**GIVEN DATA**.
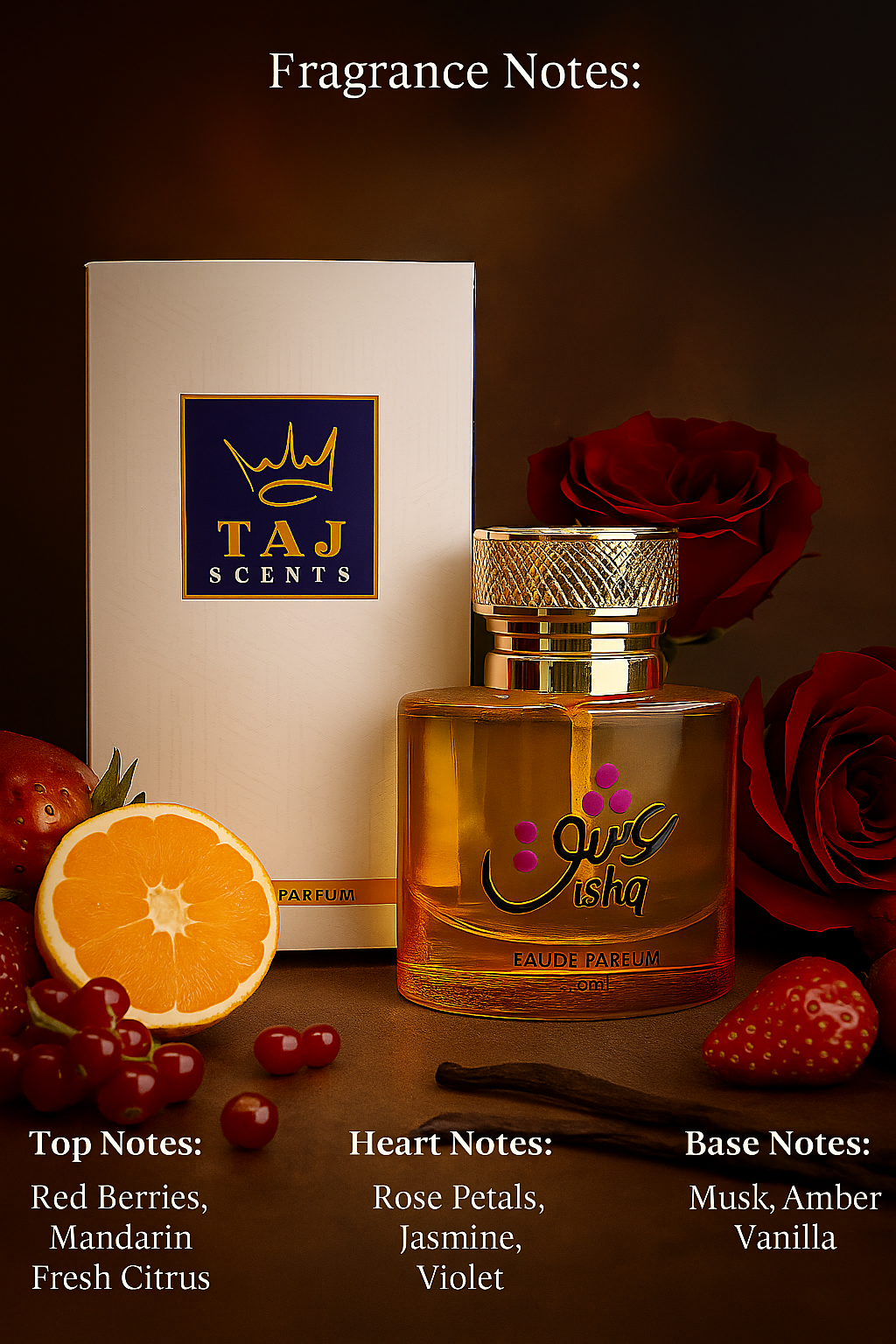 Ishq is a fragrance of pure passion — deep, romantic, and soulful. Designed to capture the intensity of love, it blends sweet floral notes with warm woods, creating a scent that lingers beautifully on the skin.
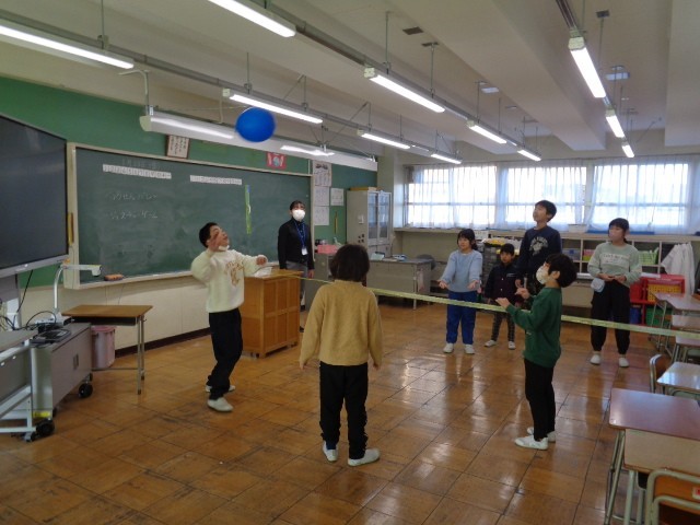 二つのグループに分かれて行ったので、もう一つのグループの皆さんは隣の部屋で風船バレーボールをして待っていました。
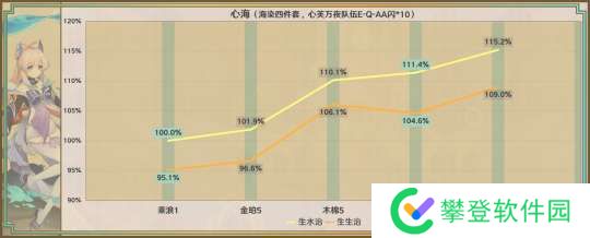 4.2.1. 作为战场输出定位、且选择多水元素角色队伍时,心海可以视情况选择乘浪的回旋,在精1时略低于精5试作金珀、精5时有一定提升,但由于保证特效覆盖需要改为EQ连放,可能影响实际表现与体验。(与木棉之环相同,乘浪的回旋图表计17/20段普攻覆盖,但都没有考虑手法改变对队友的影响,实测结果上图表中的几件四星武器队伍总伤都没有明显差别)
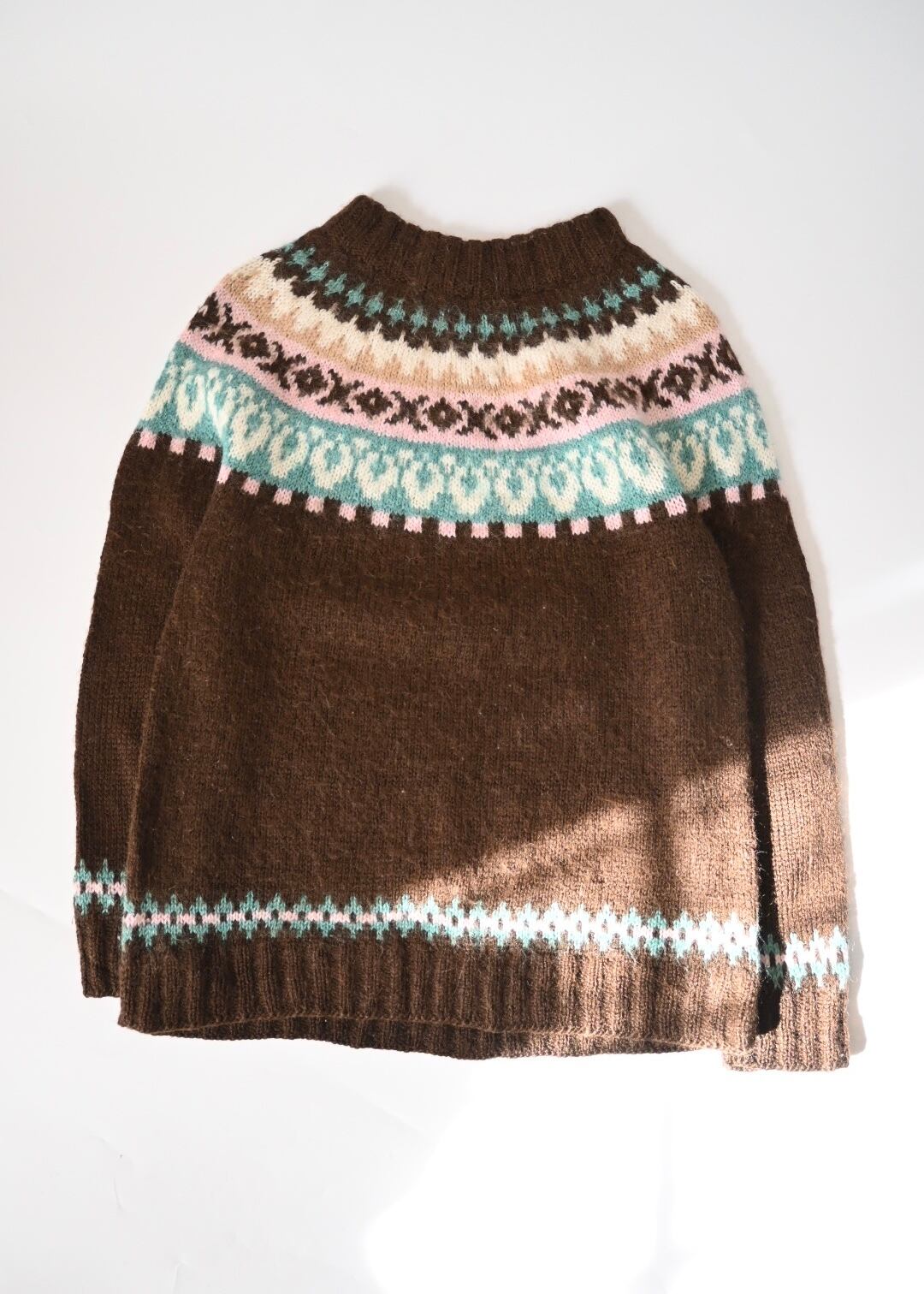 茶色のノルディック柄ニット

**EXERCISE**.
In your reply, please print exactly the lines from the one with "4.2.1. 作为战场输出定" through the final line of the listing above, both included, and no pictures.

**RESULT OF THE TASK**.
 4.2.1. 作为战场输出定位、且选择多水元素角色队伍时,心海可以视情况选择乘浪的回旋,在精1时略低于精5试作金珀、精5时有一定提升,但由于保证特效覆盖需要改为EQ连放,可能影响实际表现与体验。(与木棉之环相同,乘浪的回旋图表计17/20段普攻覆盖,但都没有考虑手法改变对队友的影响,实测结果上图表中的几件四星武器队伍总伤都没有明显差别)
 茶色のノルディック柄ニット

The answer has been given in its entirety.